A common complaint in the industry today is that complex drinks can take an inordinate amount of time to make, enough to frustrate a guest at the bar and dissuade her from returning. But as the craft cocktail movement continues to come into its own, bars are thinking critically about how to speed up the process. Having a successful bar, by today’s standards, isn’t just about making good drinks.

There’s no clearer example of this than the Dead Rabbit in Manhattan, which has more than 72 drinks on its list at any given time and devotes a great deal of energy to bar setup. “The way the bar tools hang, the lineup of bottles—everything has a place,” says Pam Wiznitzer, one of Dead Rabbit’s original bartenders. “For one bartender, there are 180 or 190 bottles you can touch. But it doesn’t seem like that many because it’s done with such a smart method.” Tinctures and modifiers are arranged in alphabetical order; tool placement is standardized down to the angle each barspoon tilts in its jar. While many bars would find this overkill, the Dead Rabbit wears its anal retentiveness as a badge of honor.

Perhaps the only bar in the country that rivals Dead Rabbit in the complexity of its mise en place is Aviary in Chicago, from Grant Achatz and Nick Kokonas, also behind acclaimed restaurants Alinea and Next. “We have five stations set up, like stations in a kitchen, and everything you need is right there: all your mixers, any ice, herbs, garnishes you need,” says Aviary’s head bartender, Charles Joly. Aviary also employs an expeditor, someone who, in a kitchen, is charged with calling out orders, keeping the workflow running smoothly and helping pull together the final product—a common role in a restaurant that’s all but unheard of in a bar.

Like its four-star sister venue restaurants, Aviary clearly aspires to be a four-star bar: exacting in its standards, imaginative in its cocktails, limited in its volume. The notion of a four-star bar, and the notion of a truly high-volume sophisticated cocktail bar, like Dead Rabbit, are still relatively new ones. But while they’re superficially dissimilar, in both cases mise en place enables them to achieve these goals.

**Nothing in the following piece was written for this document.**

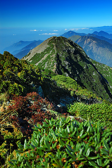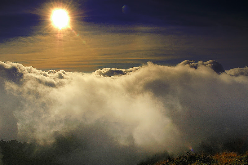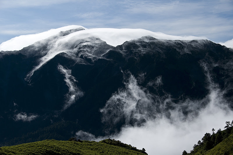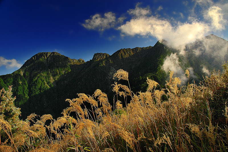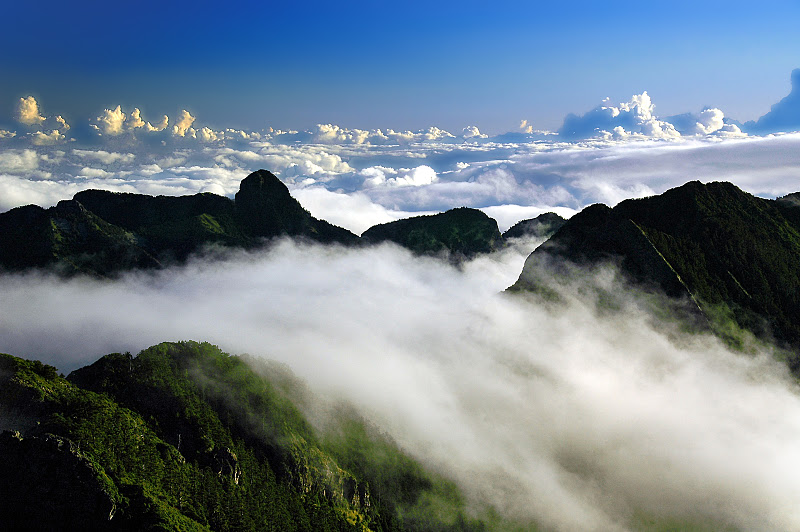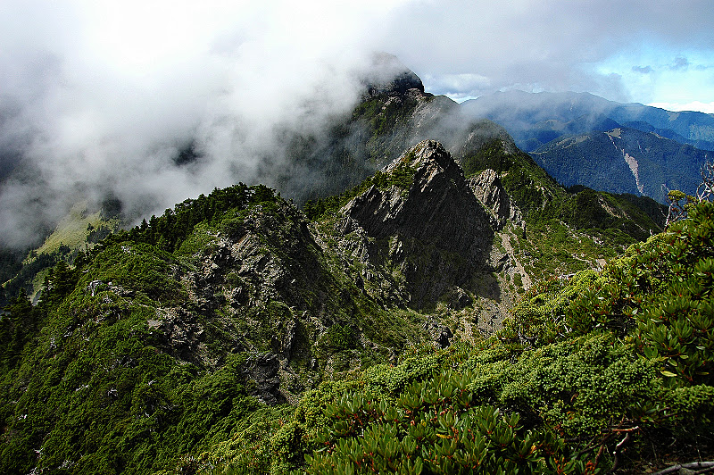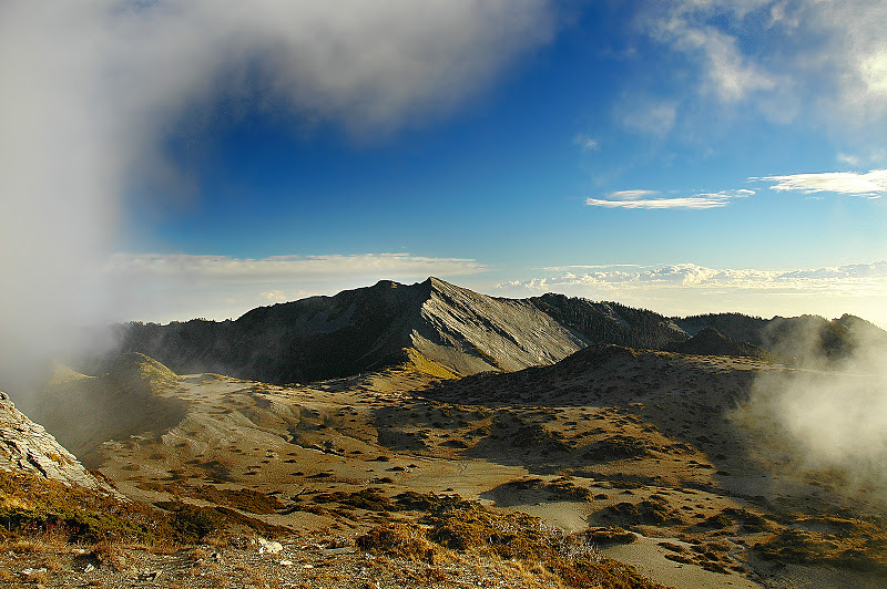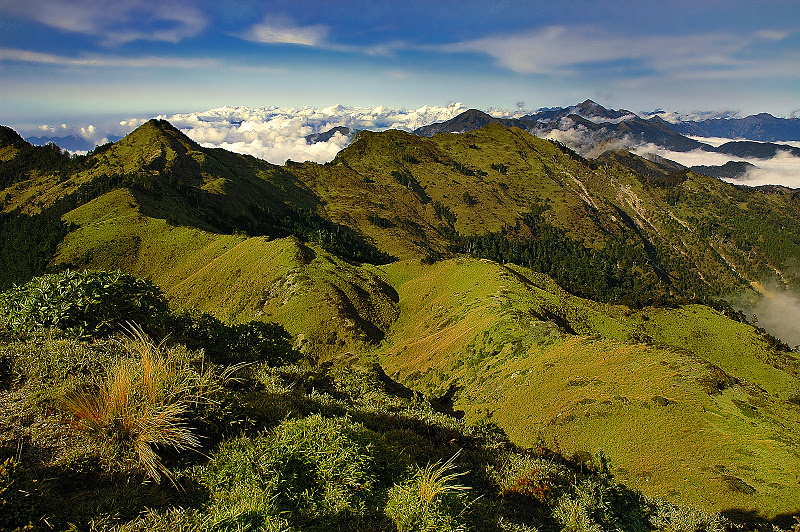 -- 凌志雲霄 -- 從玉山往南望向中央山脈的南一與南二段,一眼望去,整個台灣島像被一層厚厚的棉花覆蓋住,唯有幾座超過三千公尺的山頭才能露出頭來,整個台灣島在你腳下,豪情萬丈,凌志雲霄。 照片左方遠處尖尖的的山頭為南台首嶽『關山』。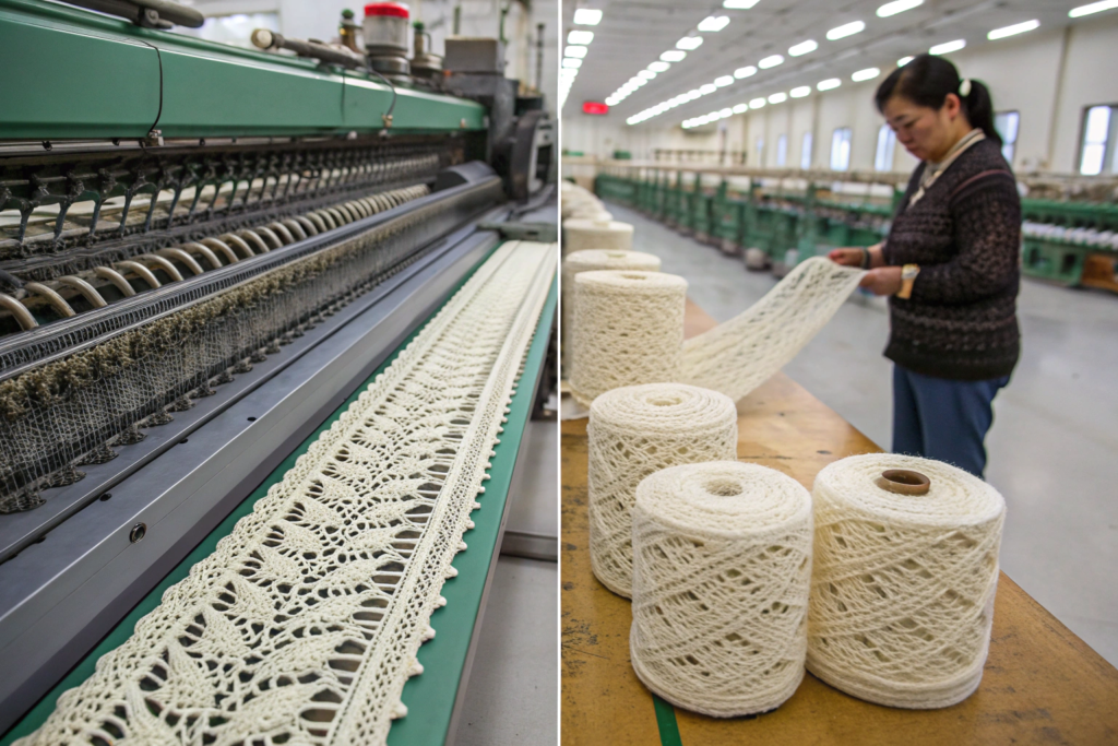 You must analyze both variables together. Leavers lace (a type of warp-bobbin lace) tends to have a firmer, more defined hand due to its tight twist and dense ground. Raschel knitted lace, on the other hand, has more inherent stretch and a softer, often limier hand. The same fiber will behave differently in these two machines.

What’s more, the craftsmanship of today’s cocktails—the cheflike aspect of what bartenders do—has helped outsiders see the bar world as a professional place. And though the term “mixologist” makes some cringe, its purpose is clear: to distinguish accomplished career bartenders from amateur drink-slingers. But equally important is a tightly run ship that succeeds in hospitality as much as in mixology, building on the legacy of well-run bars that predate the cocktail boom. “Being a good bartender today is about being well-rounded,” says Lynch. “The mixology world and, well, the normal bartending world are finally coming together.”